弓削っちが斉藤さんに出ていた頃に告知のあった番組だから、なんだかんだで半年近くたってるんよね。だいぶ前にクランクアップしてたみたいだけど。
いやもう史実に基づいたおはなしとあって、気持ちの動きとしては「なんで?」としか言えないんだけどさ。孝太郎ちゃんと大泉洋がGJでした。二人ともすごかったよ。ほとんど演技だけでもたせたと言って良いと思う。

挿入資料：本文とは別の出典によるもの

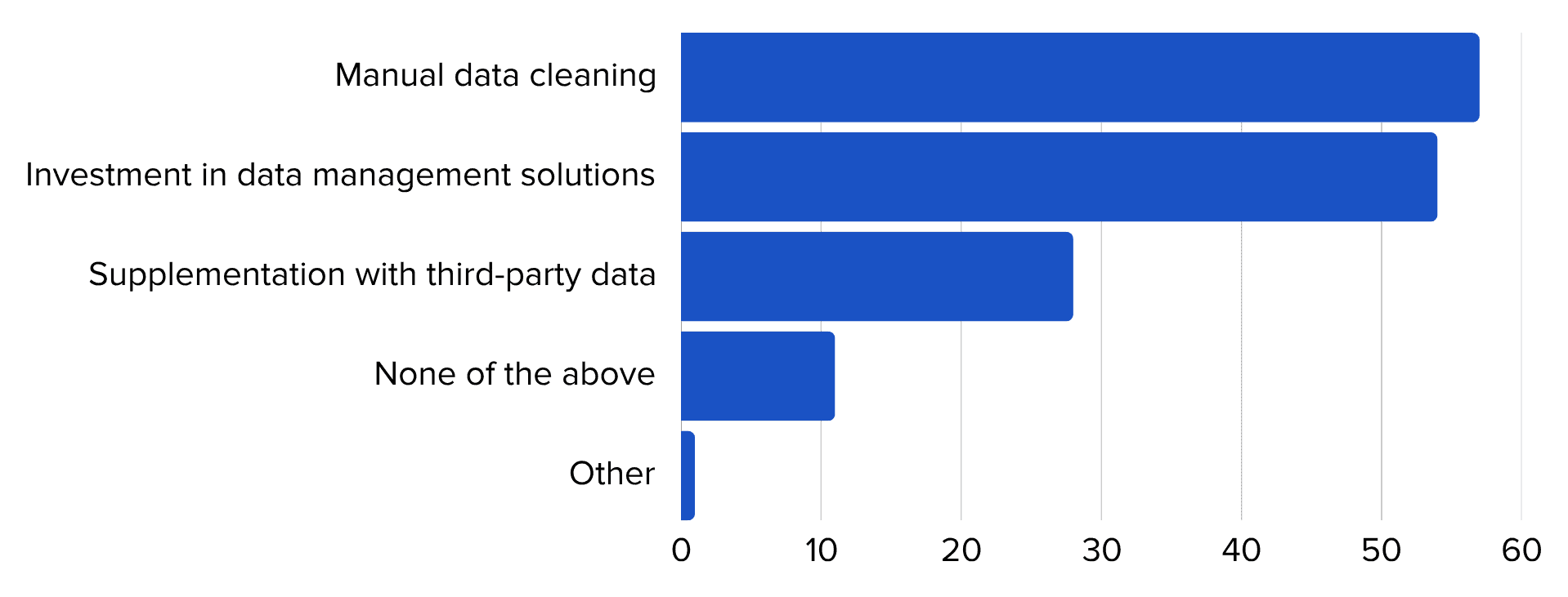 Over half of respondents said their organization relies on manual data cleaning efforts to improve CRM quality—an eight percent increase from last year. While this hands-on approach can yield quick wins, it’s time-consuming, error-prone, and difficult to scale across large, complex data environments.
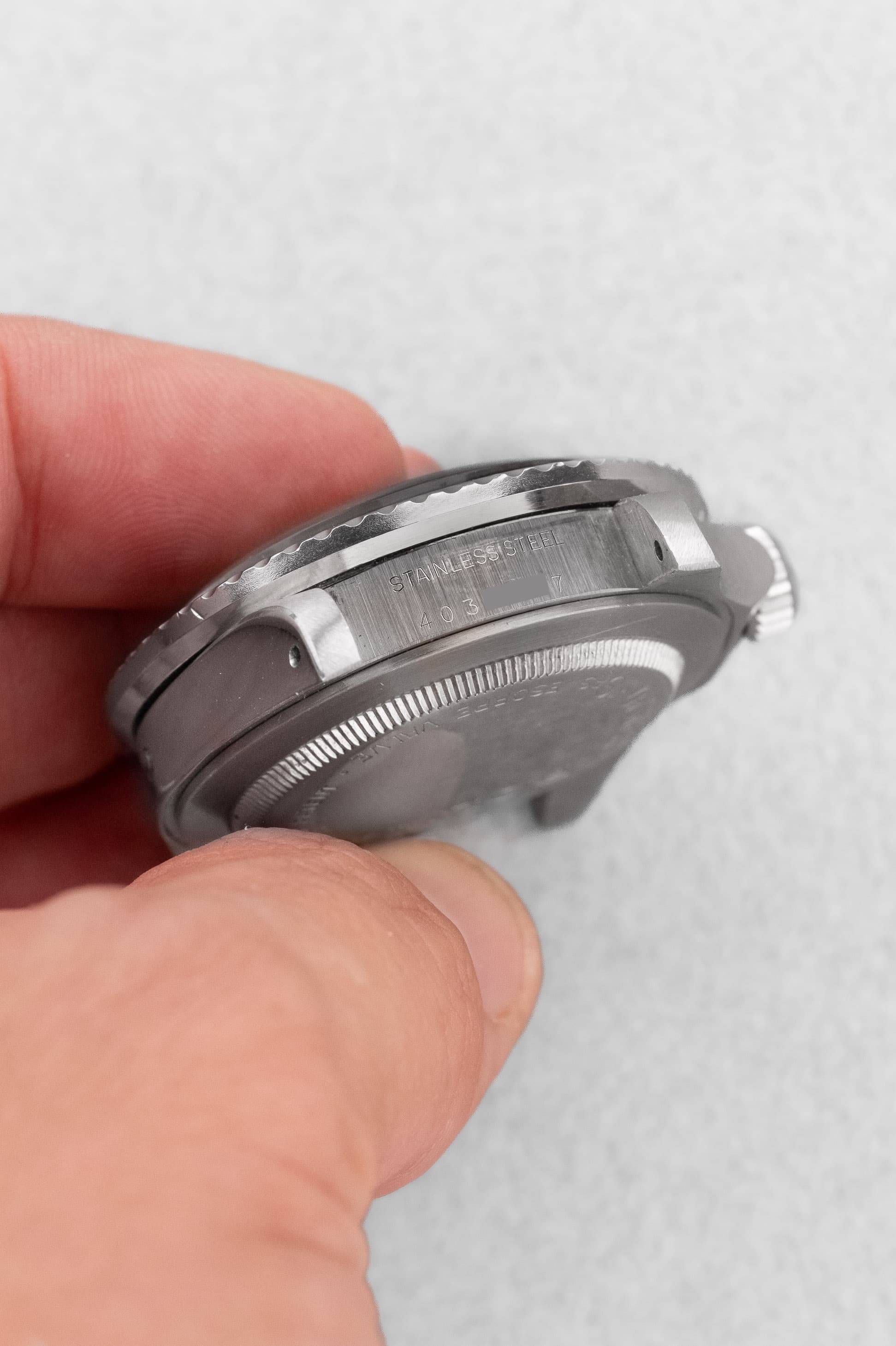 Bracelet : Rolex Oyster en acier avec fermoir de sécurité et extension de plongée, référence 93150, attaches 585, code boucle A (production en 1976)
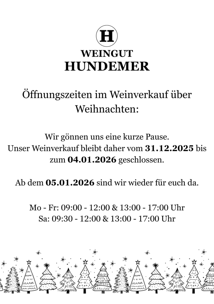 Unser Weinverkauf bleibt daher vom 31.12.2025 bis zum 04.01.2026 geschlossen.
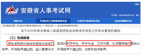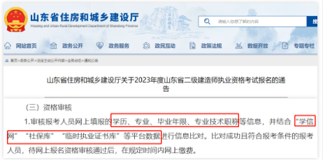 審核報考人員網(wǎng)上填報的學歷、專業(yè)、畢業(yè)年限、專業(yè)技術(shù)職稱等信息,并結(jié)合“學信網(wǎng)”“社保庫”“臨時執(zhí)業(yè)證書庫”等平臺數(shù)據(jù)進行信息比對。
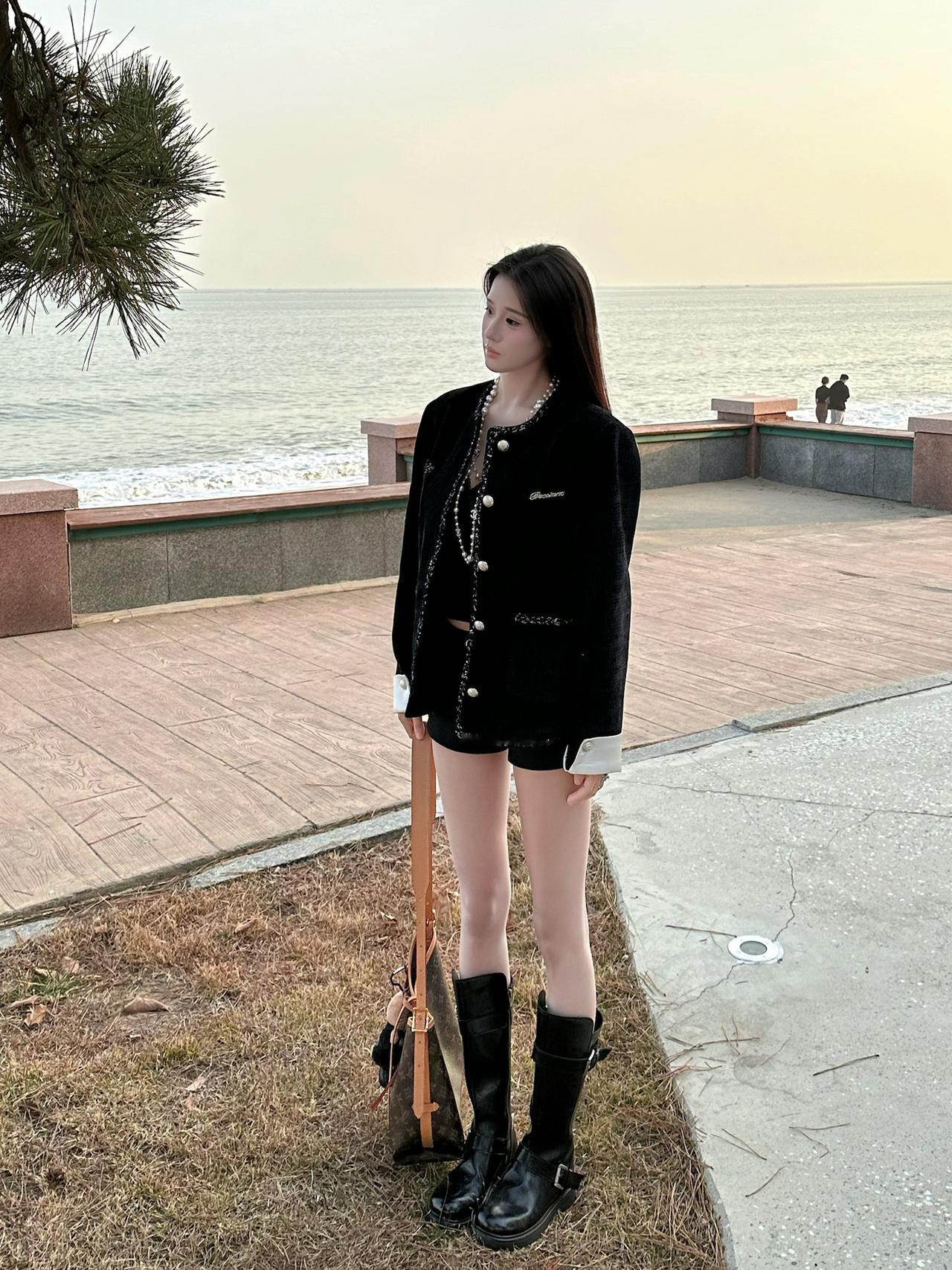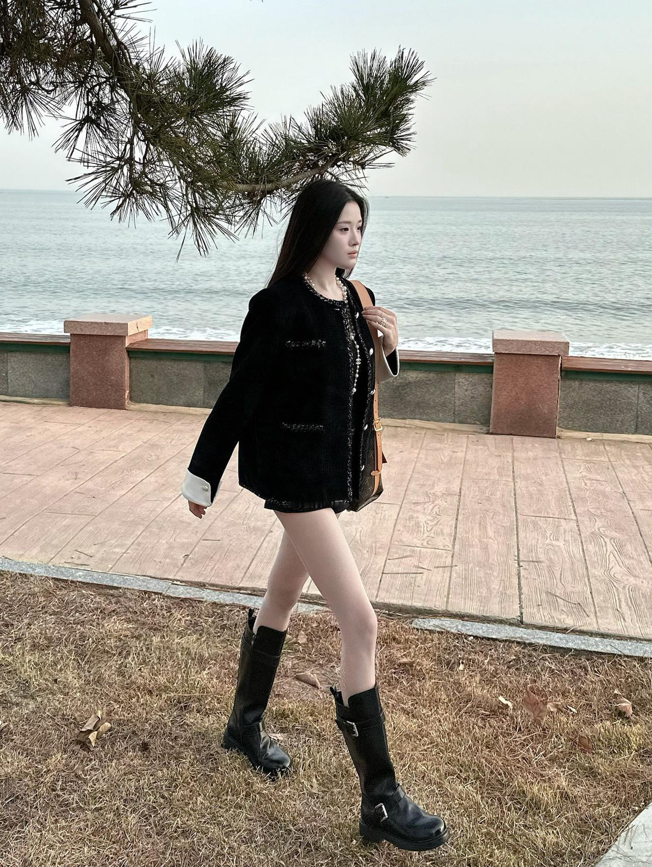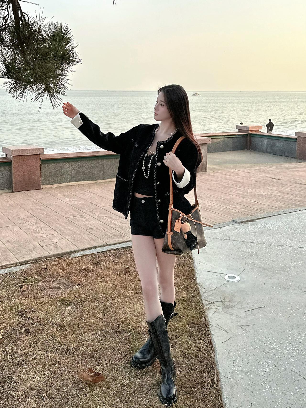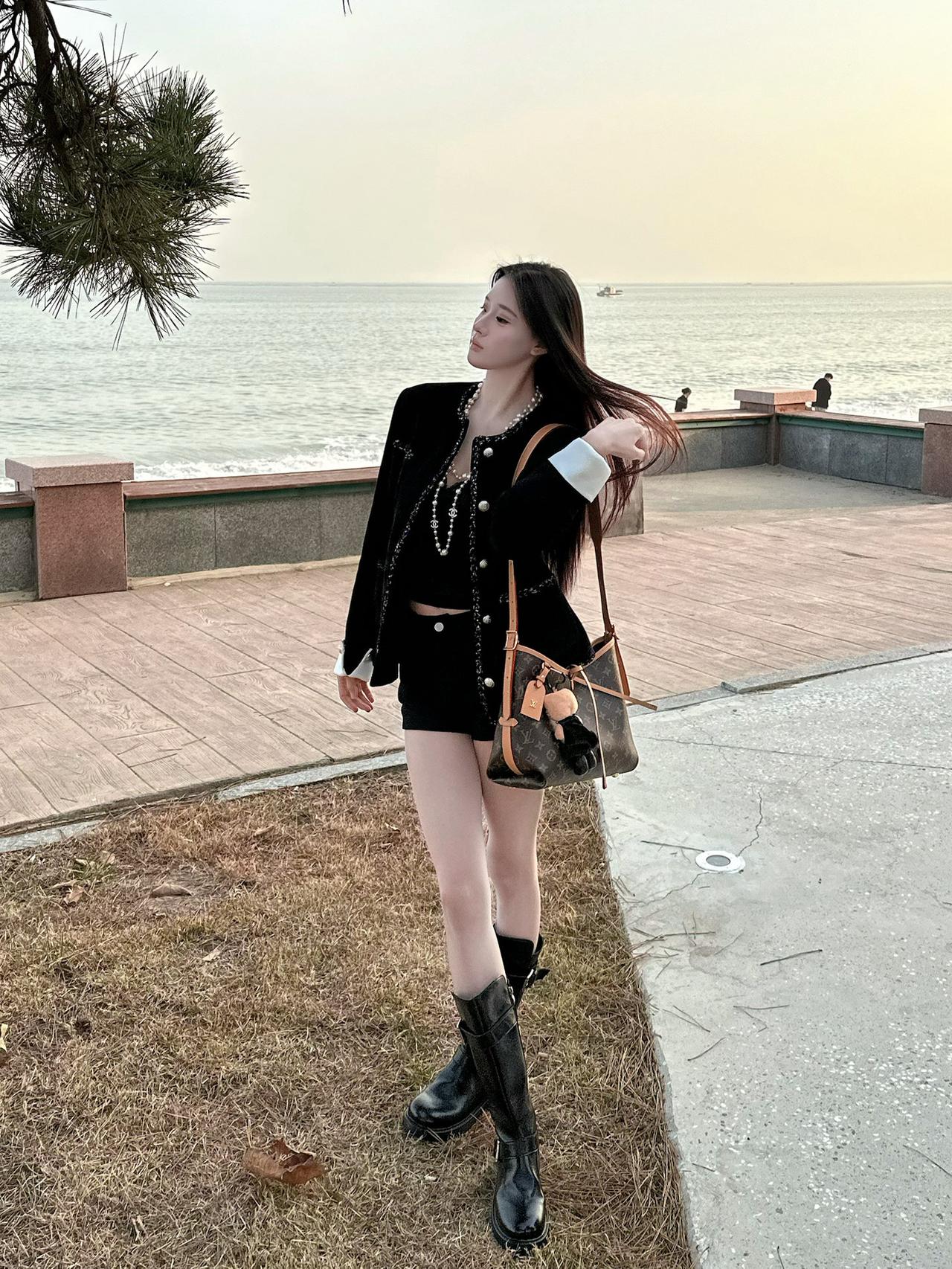 黑丝绒+LV小托特 | 法式慵懒海边穿搭,精致感小心机get|||海边散步特意背了这只LV小号托特,轻便又能装随身小物刚好合适~ 挂的黑皮Kitty挂件是点睛的小细节,和黑丝绒外套的质感特别搭,冷色调海边里添了点可爱小心思。 短款黑丝绒外套的微廓形设计显瘦不压身高,搭配5cm粗跟短靴修饰腿型超显比例,整体不拖沓还很利落;包包的老花纹理和黑丝绒的哑光质感碰撞,精致感直接拉满还不刻意~ 姐妹们觉得海边穿搭还需要哪些精致小细节?或者你们有什么私藏的LV托特包搭配技巧?评论区一起聊聊~lv穿搭展示 LV风穿搭 LV老花托特 黑色托特包包 lv水墨外套 托特包穿搭 漆皮菱格包
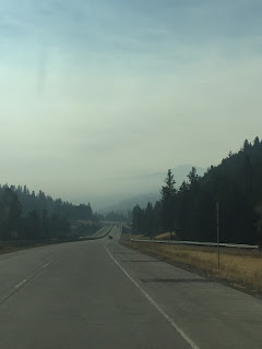 Here are a few random pictures of our drive today. The amount of smoke varies as we drove closer to, and then passed the multiple fires.
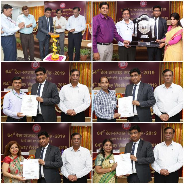 रेलवे बोर्ड का 64वां रेलवे सप्ताह समारोह आज 12 अप्रैल, 2019 को नई दिल्ली स्थित रेल भवन में मनाया गया। रेलवे बोर्ड के चेयरमैन वी• के• यादव ने समारोह की अध्यक्षता की और वर्ष 2018-19 के दौरान उत्कृष्ट प्रदर्शन के लिए रेलवे बोर्ड के विभिन्न पदाधिकारियों को रनिंग एफिशिएंसी शील्ड, मेरिट सर्टिफिकेट एवं अन्य पुरस्कार प्रदान किए। रेलवे बोर्ड के अन्य सदस्य और वरिष्ठ अधिकारीगण भी इस अवसर पर उपस्थित थे।
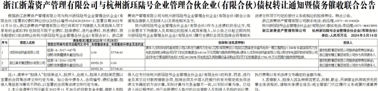 根据浙江浙萧资产管理有限公司与杭州浙珏陆号企业管理合伙企业(有限合伙)签署的《债权转让协议》(协议编号03ZX2022010-2、签署日期2022年12月31日),浙江浙萧资产管理有限公司已将其对下列借款人及其担保人项下享有的全部权利(包括但不限于主债权、担保债权、违约金债权、利息债权、损失赔偿权)依法转让给杭州浙珏陆号企业管理合伙企业(有限合伙)。浙江浙萧资产管理有限公司与杭州浙珏陆号企业管理合伙企业(有限合伙)联合公告通知各借款人及担保人以及其他相关各方。
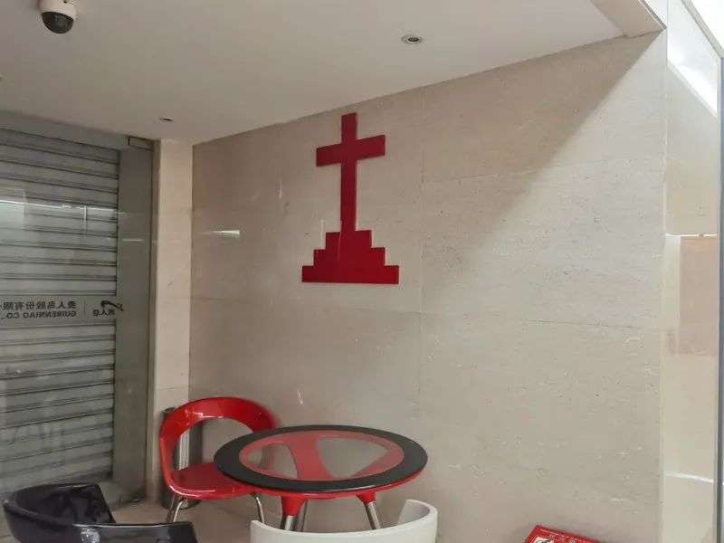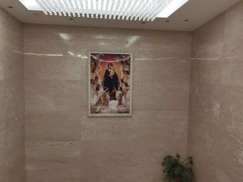 在贵人鸟的办公楼里,也可以看到圣母玛利亚的画像,以及十字架的装饰。

1104名による脱走で死者231名のうち自決したもの31名ってさ、なにげに一番重い事実は死んだのは231人しかいないってことだと思うんだ。いや“しか”って言っちゃいけないんだろうけどだって1104-231=873だよ? 死んだ人の4倍近くの人が、その死を背負って生きないといけなかったんだよ?
だってそもそも、この状況で脱走決行を選んだのって、彼等がみんな「生きていちゃいけない」って思ってたせいだよね。日本に帰りたい、おかあさんに会いたい、なんてそんな気持ちがあるのは当たり前のはなしで、それでも自分達は生きてちゃいけないと思ってるから、「死ななきゃ」ってプレッシャーに負けちゃったわけでしょ? もちろんあの状況で「生きたい」と言えないプレッシャーってのもあったんだろうけど。
孝太郎ちゃんって育ちが良い雰囲気あるから、毒のないイケメンで便利に使われてるけどあまり中身のある役をもらってないと思うんだけど、この役はすごく良かった。死にたいわけじゃないけど死ななきゃいけないと思うジレンマと、その一方で生きたいと願う二郎さんへの共感と、なのに死ななければ、と選ぶその気持ちの揺らぎをどう筋道立てるもんなのか、インタビューとか入るのならDVD欲しいな。
というか、憲ちゃんと二郎さんってなんかすごかったよ。なにが、と言われると返事に困るけどw。
展開としては「生きて虜囚の辱めを受けず」とか言いながらのうのうと捕虜収容所で戦争ごっこやってる黒木@阿部サダヲが叩っ殺したいほど憎ったらしくって、死んだ瞬間ガッツポーズしちゃいました。ああいうのが生き延びちゃ駄目だよね!
昭和18年の帝国軍人が長髪ってことないでしょ、っていうのはあるんですが、カウラ捕虜収容所の清潔さとか支給される制服の真新しさとかはドラマの嘘の範疇で良いんじゃないでしょうか。良い男の軍服(もどき)は眼福だなあ、って感じである種のイケパラ番組だったのは事実だと思う。久々に袴田君も見れたしうれしかったよ、私は。でも斉藤さんの頃の弓削っちってあんなに丸かったっけ?
なんていうか、どんな形であれマインドコントロールのまかり通っちゃう世の中にしちゃいかんよね、と思いました。自分で考えないと駄目だと思う。うん。